## Problem statement
Except for the pictures, reproduce the records word for word.

□ □ □ □ □ □ □

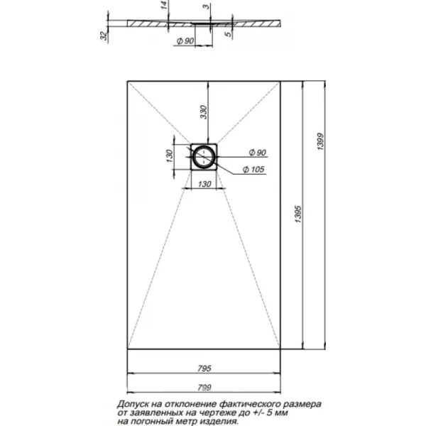 Душевой поддон Aquanet Pleasure 258878 140x80 см серый купить
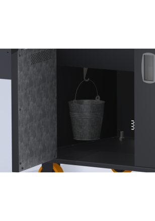 Munnstykket kan flyttes etter behov, og grillen leveres med 2 oppsamlingsbøtter for fett og avfall.
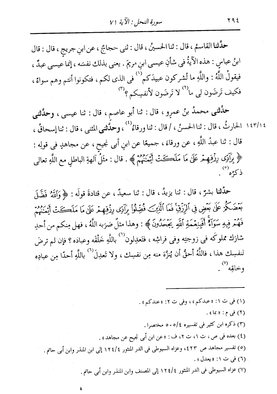 حَدَّثَنِي مُحَمَّدُ بْنُ عَمْرٍو، قَالَ: ثنا أَبُو عَاصِمٍ، قَالَ: ثنا عِيسَى، وَحَدَّثَنِي الْحَارِثُ، قَالَ: ثنا الْحَسَنُ، قَالَ: ثنا وَرْقَاءُ، وَحَدَّثَنِي الْمُثَنَّى، قَالَ: ثنا إِسْحَاقُ، قَالَ: ثنا عَبْدُ اللَّهِ، عَنْ وَرْقَاءَ، جَمِيعًا، عَنِ ابْنِ أَبِي نَجِيحٍ، عَنْ مُجَاهِدٍ، فِي قَوْلِهِ: {§بِرَادِّي رِزْقِهِمْ عَلَى مَا مَلَكَتْ أَيْمَانُهُمْ} [النحل: 71] قَالَ: «مَثَلُ آلِهَةِ الْبَاطِلِ مَعَ اللَّهِ تَعَالَى ذِكْرُهُ»
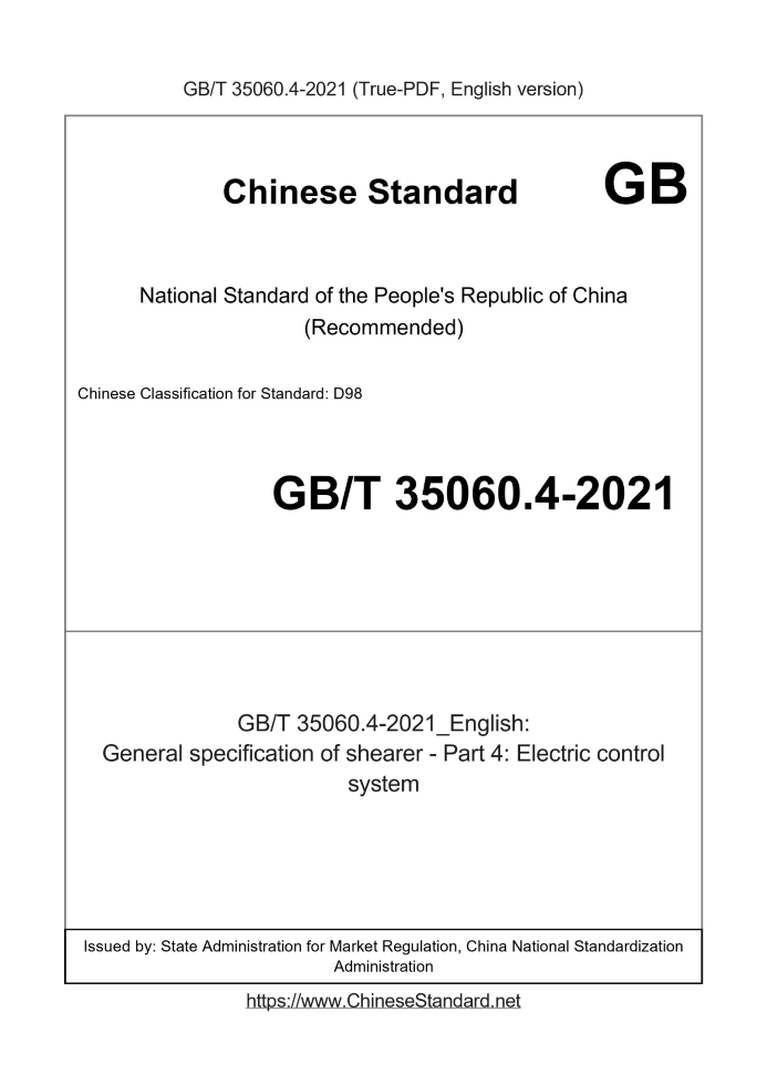 Delivery: <= 4 days. True-PDF full-copy in English will be manually translated and delivered via email. GB/T 35060.4-2021: General specification of shearer - Part 4: Electric control system Status: Valid
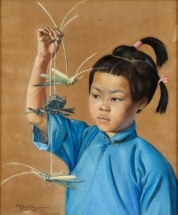 368Podgoursky, Victor Stepanovich 1893 Ket Narym Krai - 1969 Taschkent Chinesisches Mädchen mit aus Gras gebastelter Heuschrecke und Fröschen. Signiert. Datiert 1939. Pastell. 54 x 45 cm 1500 EUR |
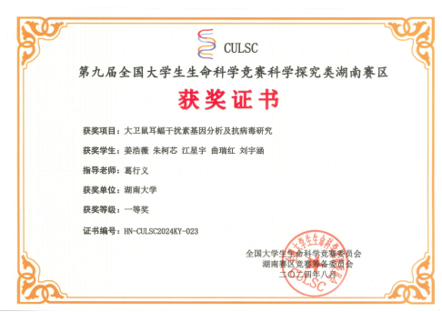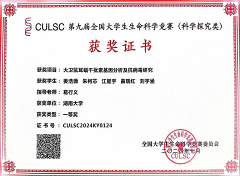 我院2021级本科生姜浩薇团队(姜浩薇、朱柯芯、江星宇、曲瑞红、刘宇涵)的“大卫鼠耳蝠干扰素基因的分析及抗病毒研究”项目获科学探究类全国一等奖,yl23411集团葛行义教授指导。
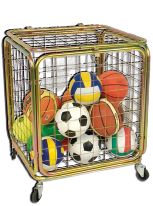 Изготовлена из стали в порошковой окраске, передвижная на колесах. Стенки крепятся болтами, оснащена замком. Габариты: 70x70x90 см, вместимость: 25/30 мячей. Производство EU.
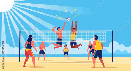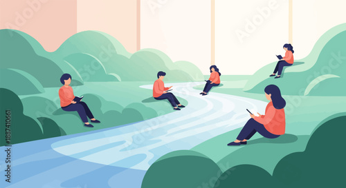 Группа детей-подростков катается на скейтборде в городском парке для скейтбординга. Экстремальный досуг спортивные развлечения во время летних каникул векторная иллюстрация
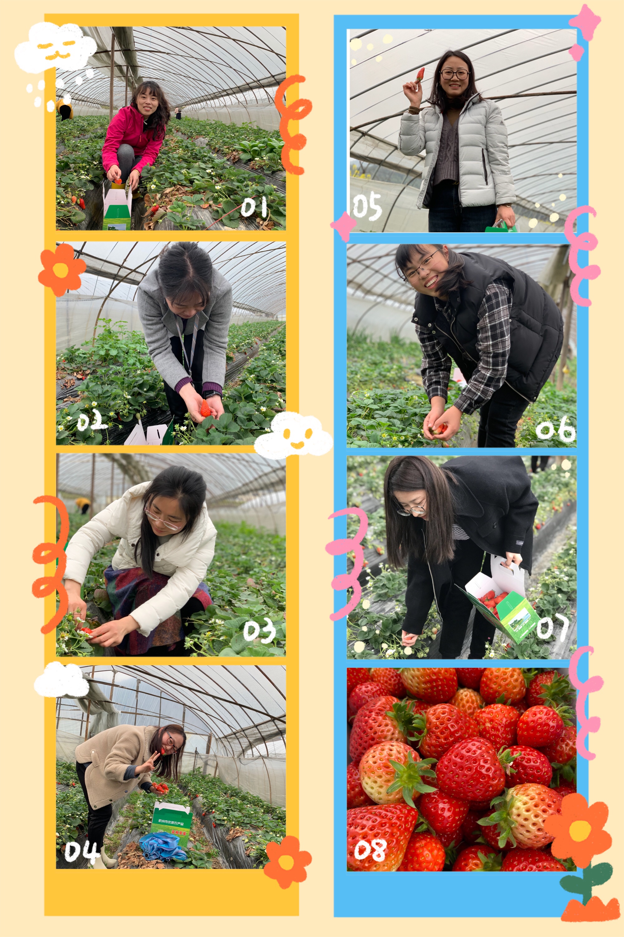 3月5日下午,可爱的“女神们”来到富阳大青草莓基地,与草莓来一场甜蜜的“约会”。虽然天公不作美,飘着小雨,但是也没有抵挡“女神们”的约会心情。听,草莓园里传来了阵阵的欢笑声;看,“女神们”与草莓的美丽邂逅。

□ □ □ □ □ □ □

## Written answer
 Душевой поддон Aquanet Pleasure 258878 140x80 см серый купить
 Munnstykket kan flyttes etter behov, og grillen leveres med 2 oppsamlingsbøtter for fett og avfall.
 حَدَّثَنِي مُحَمَّدُ بْنُ عَمْرٍو، قَالَ: ثنا أَبُو عَاصِمٍ، قَالَ: ثنا عِيسَى، وَحَدَّثَنِي الْحَارِثُ، قَالَ: ثنا الْحَسَنُ، قَالَ: ثنا وَرْقَاءُ، وَحَدَّثَنِي الْمُثَنَّى، قَالَ: ثنا إِسْحَاقُ، قَالَ: ثنا عَبْدُ اللَّهِ، عَنْ وَرْقَاءَ، جَمِيعًا، عَنِ ابْنِ أَبِي نَجِيحٍ، عَنْ مُجَاهِدٍ، فِي قَوْلِهِ: {§بِرَادِّي رِزْقِهِمْ عَلَى مَا مَلَكَتْ أَيْمَانُهُمْ} [النحل: 71] قَالَ: «مَثَلُ آلِهَةِ الْبَاطِلِ مَعَ اللَّهِ تَعَالَى ذِكْرُهُ»
 Delivery: <= 4 days. True-PDF full-copy in English will be manually translated and delivered via email. GB/T 35060.4-2021: General specification of shearer - Part 4: Electric control system Status: Valid
 368Podgoursky, Victor Stepanovich 1893 Ket Narym Krai - 1969 Taschkent Chinesisches Mädchen mit aus Gras gebastelter Heuschrecke und Fröschen. Signiert. Datiert 1939. Pastell. 54 x 45 cm 1500 EUR |
 我院2021级本科生姜浩薇团队(姜浩薇、朱柯芯、江星宇、曲瑞红、刘宇涵)的“大卫鼠耳蝠干扰素基因的分析及抗病毒研究”项目获科学探究类全国一等奖,yl23411集团葛行义教授指导。
 Изготовлена из стали в порошковой окраске, передвижная на колесах. Стенки крепятся болтами, оснащена замком. Габариты: 70x70x90 см, вместимость: 25/30 мячей. Производство EU.
 Группа детей-подростков катается на скейтборде в городском парке для скейтбординга. Экстремальный досуг спортивные развлечения во время летних каникул векторная иллюстрация
 3月5日下午,可爱的“女神们”来到富阳大青草莓基地,与草莓来一场甜蜜的“约会”。虽然天公不作美,飘着小雨,但是也没有抵挡“女神们”的约会心情。听,草莓园里传来了阵阵的欢笑声;看,“女神们”与草莓的美丽邂逅。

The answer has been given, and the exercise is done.